Furthermore, the data were cross-sectional and therefore we could not examine which predictors may account for the most change in sexual satisfaction over time, or indeed whether sexual satisfaction is predictable over time. Joel et al. (2020) found that they could predict little relationship satisfaction longitudinally. Cross-sectional self-report measures are also prone to shared method variance which results in higher correlation among variables collected at the same point in time. We attempted to overcome some of these issues by testing the models without relationship satisfaction given its high correlation with sexual satisfaction and only using partner effects to predict actor’s sexual satisfaction.
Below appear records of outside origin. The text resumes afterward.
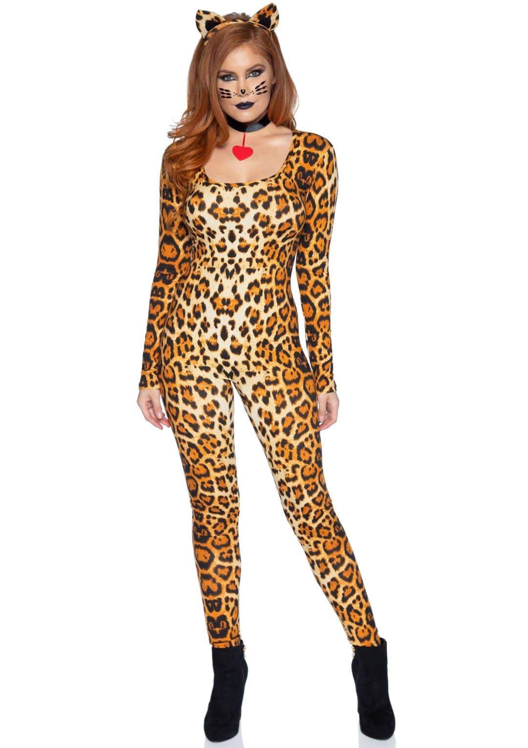 3 PC Cougar, includes brushed spandex leopard print catsuit with keyhole back and tail, ear headband, and spiked collar with heart charm.
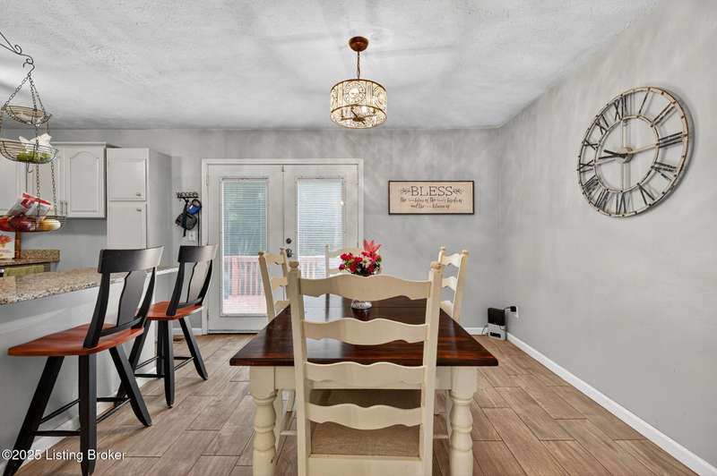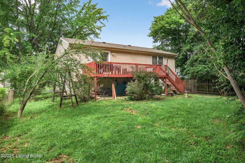 Welcome to 5215 Baywood Dr, nestled just inside the Oldham County line in the desirable Willow Creek neighborhood. This well-maintained bi-level home offers the perfect blend of space, charm, and function—with access to Oldham County schools and a price point that's hard to beat. Step inside to an open-concept main level featuring a spacious living room, dining area, and kitchen with direct access to the backyard deck—perfect for everyday living and easy entertaining. Down the hall, you'll find three comfort-sized bedrooms and a full bath that round out the upper floor. Downstairs is where this home truly shines. A large family room with exposed brick and soaring ceilings creates a cozy-yet-stylish space ideal for movie nights, game days, or hosting friends. There's even bonus space for your own bourbon lounge, hobby area, or home office--just like the current owners have done. The lower level also features a combined half bath and utility room, plus access to a deep two-car garage with additional storage in the rear. Homes at this price, with this much potential, and access don't hit the market often and they don't last long. Don't miss your opportunity to make 5215 Baywood Dr your next home!
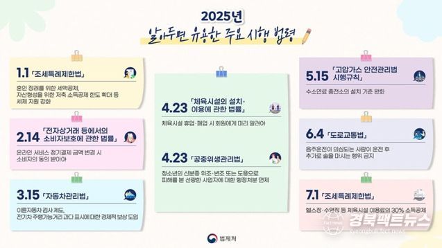 경북팩트뉴스 이경원 기자 | 2025년 알아두면 유용한 주요 시행 법령을 소개합니다.
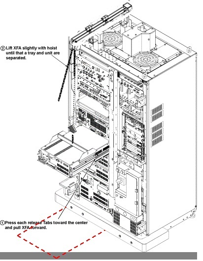 - Withdraw XFA from the chassis until hole of hoist bracket can be aligned to the hoist bar.
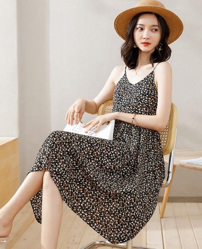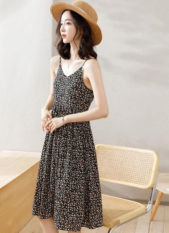 カジュアルかわいい小花柄プリントの膝丈キャミソールフレアワンピース 2色
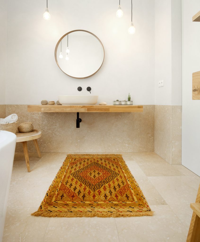 Drobný mushwani koberec umisťuji také do koupelny. Jeho krémový základ krásně ladí s dřevěnými doplňky v místnosti. Najednou mám pocit, že bez něj je koupelna neúplná. Pro bosá chodidla je jeho trojrozměrná měkká struktura přímo pohlazením.
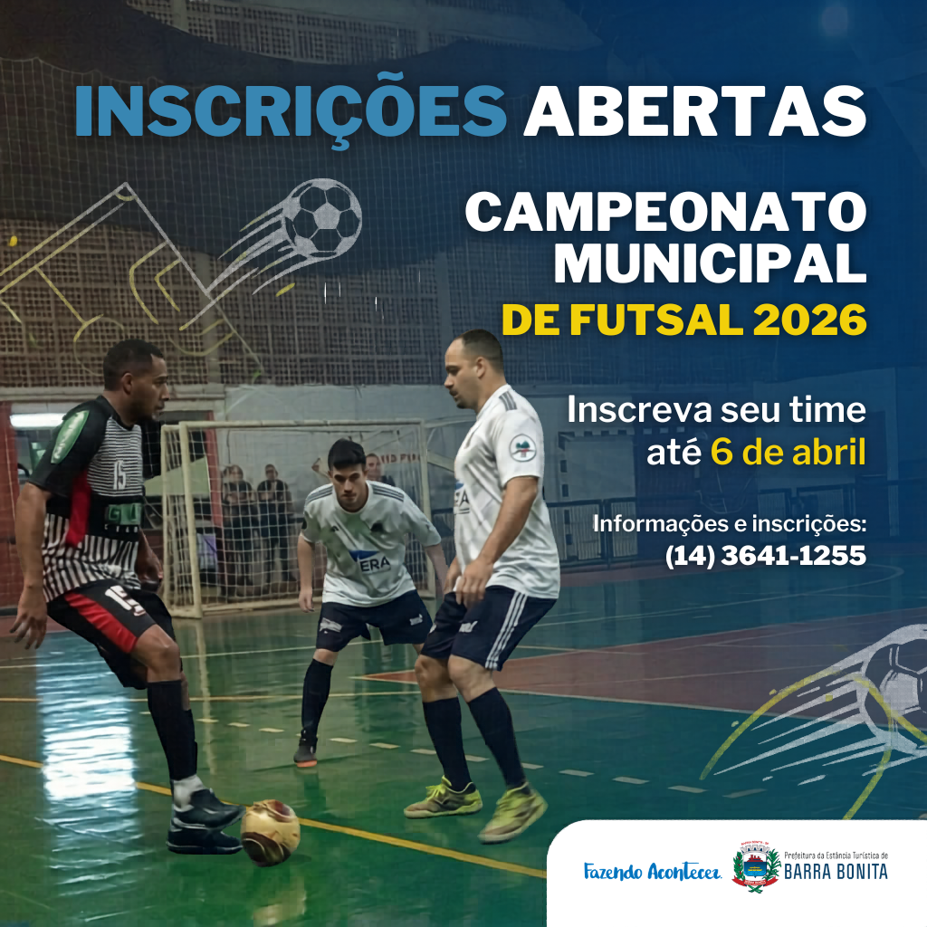 O Campeonato Municipal de Futsal 2026 de Barra Bonita já está com inscrições abertas — mas corre, porque o prazo vai até 6 de abril!
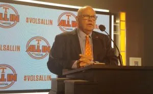 University of Tennessee Athletics Director and UT Medical Center President/CEO Joe Landsman spoke to the media Monday to announce and describe the inaugural ALL IN Against Alzheimer’s effort to benefit the Alzheimer’s Research Initiative.
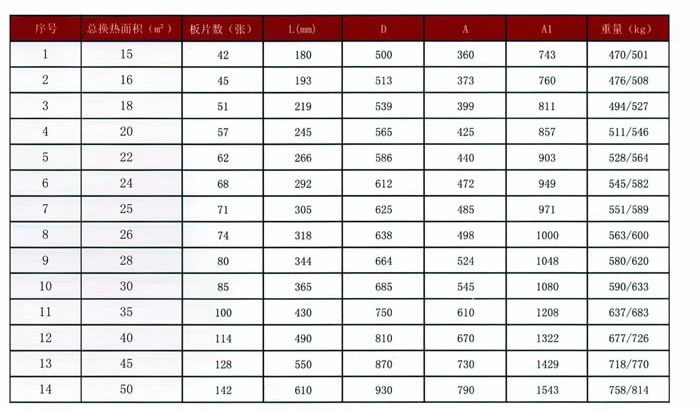 單片換熱面積:0.35㎡

The models with relationship satisfaction excluded were still predictive but predicted less variance. The models with partner effects alone could predict nearly 30% of the variance in actor’s sexual satisfaction which is higher than most other previous studies using actor or actor and partner effects. Future longitudinal and behavioral research is needed to understand whether the self-report variables measured in this study are predictive over time or whether behavioral measures could also be predictive. Finally, we examined whether men and women differed in the predictors that were important for their sexual satisfaction and future research could also examine whether the predictors of sexual satisfaction differ by sexual orientation.